On Wed, May 14, 2014 at 9:02 AM, Gilles Dubuc <gilles@wikimedia.org> wrote:
- send the event log as a synchronous request from an unload event handler.

That works really well, I've done it before for autosaving features. Obviously this only works if sampling users is enough (as opposed to measuring every single one), since it doesn't work on all browsers.


set a random identifier (which only lives until the page is unloaded), and add it to every event

That sounds perfectly fine. Ops can add indexes to the EventLogging tables for us, SQL queries grouping by that column should pose no challenge. That sounds like the simplest and most universal option.

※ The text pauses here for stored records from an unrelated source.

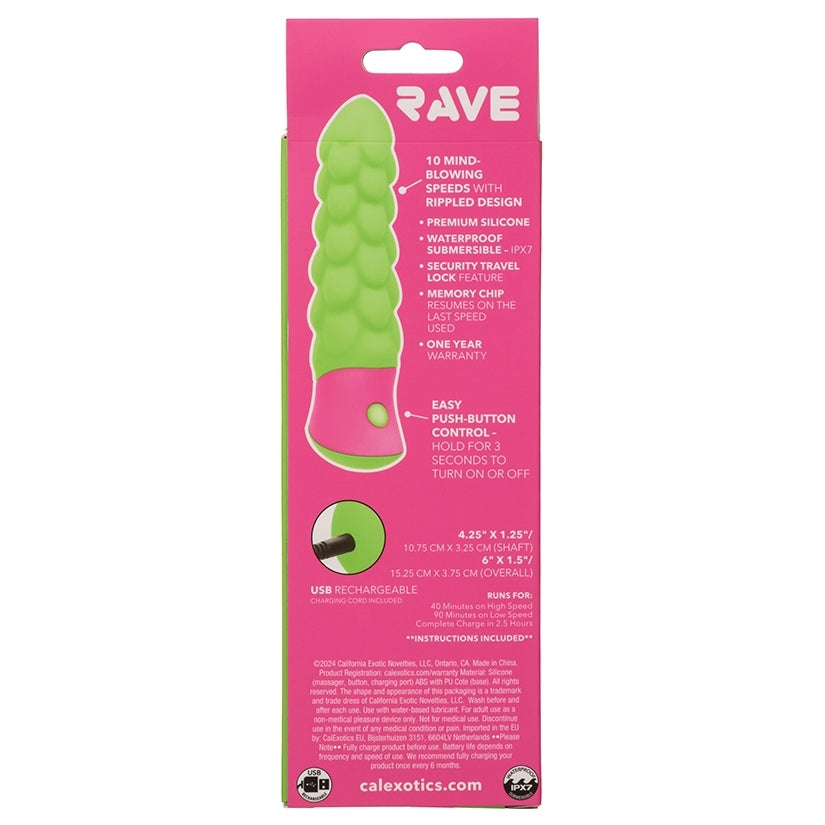 With 10 vibration speeds and a memory chip that resumes your last-used setting, the Rave Ripple lets you tailor your experience—from gentle ripples to intense tidal waves of pleasure. The travel lock ensures discreet storage, while USB rechargeable power offers up to 90 minutes on low or 40 minutes on high intensity. Sleek, versatile, and indulgently textured, the Rave Ripple transforms every encounter into a mesmerizing adventure.
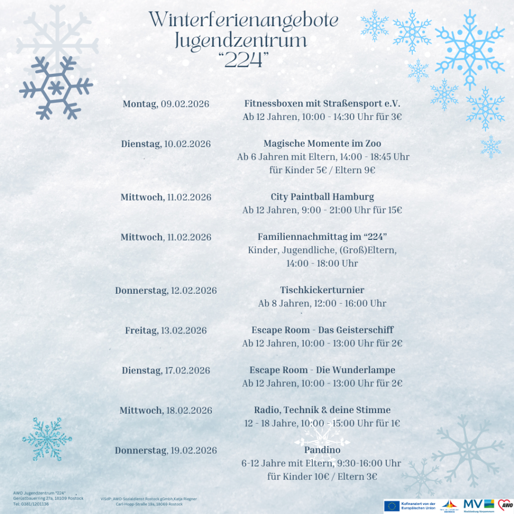 wir freuen uns sehr, denn endlich ist es soweit: Unsere Angebote für die kommenden Winterferien ist da! Auch in diesem Jahr haben wir wieder ein buntes und abwechslungsreiches Programm für Kinder, Jugendliche und junge Familien zusammengestellt – mit spannenden Ausflügen, kreativen Aktivitäten und vielem mehr. Unser Ziel ist es, den Familien, Eltern sowie jungen Menschen unvergessliche Ferienerlebnisse zu ermöglichen – mit viel Spaß, Gemeinschaft und neuen Erfahrungen.
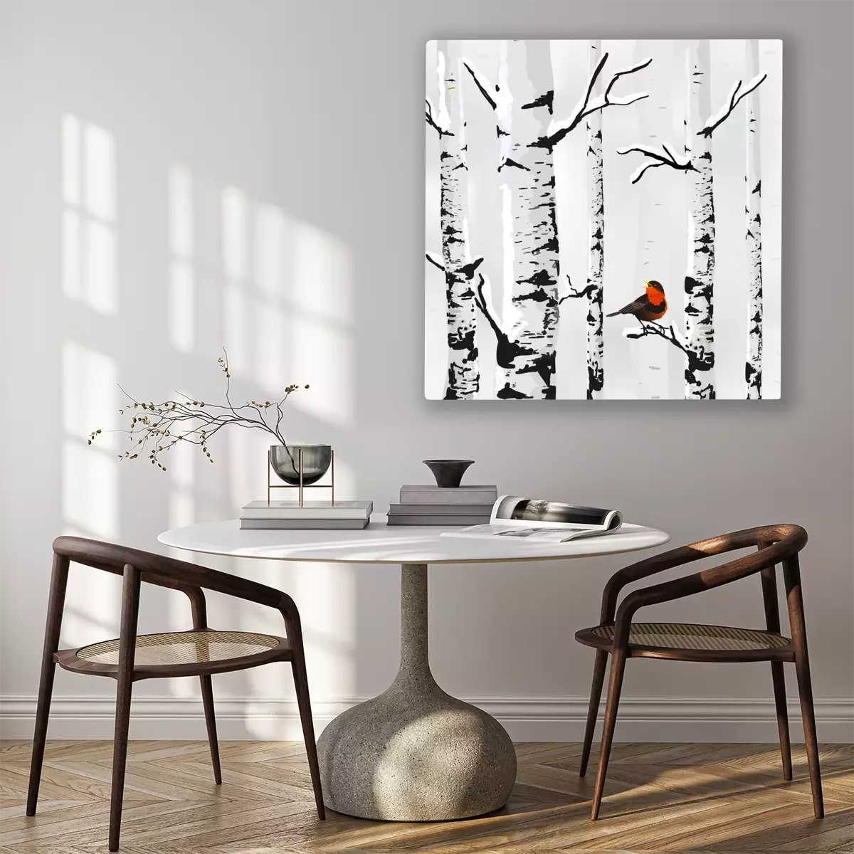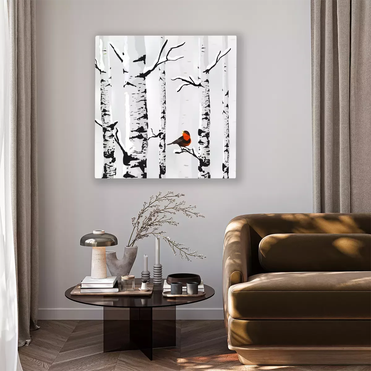 Illustration mit Birkenstämmen auf weißem Hintergrund

On Wed, May 14, 2014 at 1:54 AM, Gergo Tisza <gtisza@wikimedia.org> wrote:
Hi all,

the Multimedia team is preparing to collect data to better understand usability problems with UploadWizard. UW has a "checkout" structure (step 1: put files in basket, step 2: choose license, step 3: add description, step 4: you are done), so a funnel analysis to identify which step causes the most users to abort the upload process and why seems like a good approach. I'm trying to understand how well the existing EventLogging infrastructure supports this.

The problem is how to get information about the actions of users who fell out of the funnel. I'll try to illustrate with an example: in one of the steps, the user can choose between "I am uploading my own work" and "I am uploading someone else's work" and the resulting interaction will be quite different. We would like to know whether that choice has a big effect on the likeliness of the user making it to the next step.

Using EventLogging, I can count the number of users who make it until that step. I can count the number of users making it to the next step. I can count the number of users choosing this or that author option. These numbers do not tell us much on their own, though; the interesting information would be how they are correlated.

Another thing I could do is creating a schema which includes both the choice of author option and the step number; when the user chooses "own work", we log an ownwork event, when they click "next step", we log a step(step=3, work=own) event. We can then calculate the number of users who did choose "own work" but did not make it to the next step as the difference of the two. But this won't work: "own work" is a radio button, the user select and deselect it any number of times before proceeding to the next step (or leaving the page).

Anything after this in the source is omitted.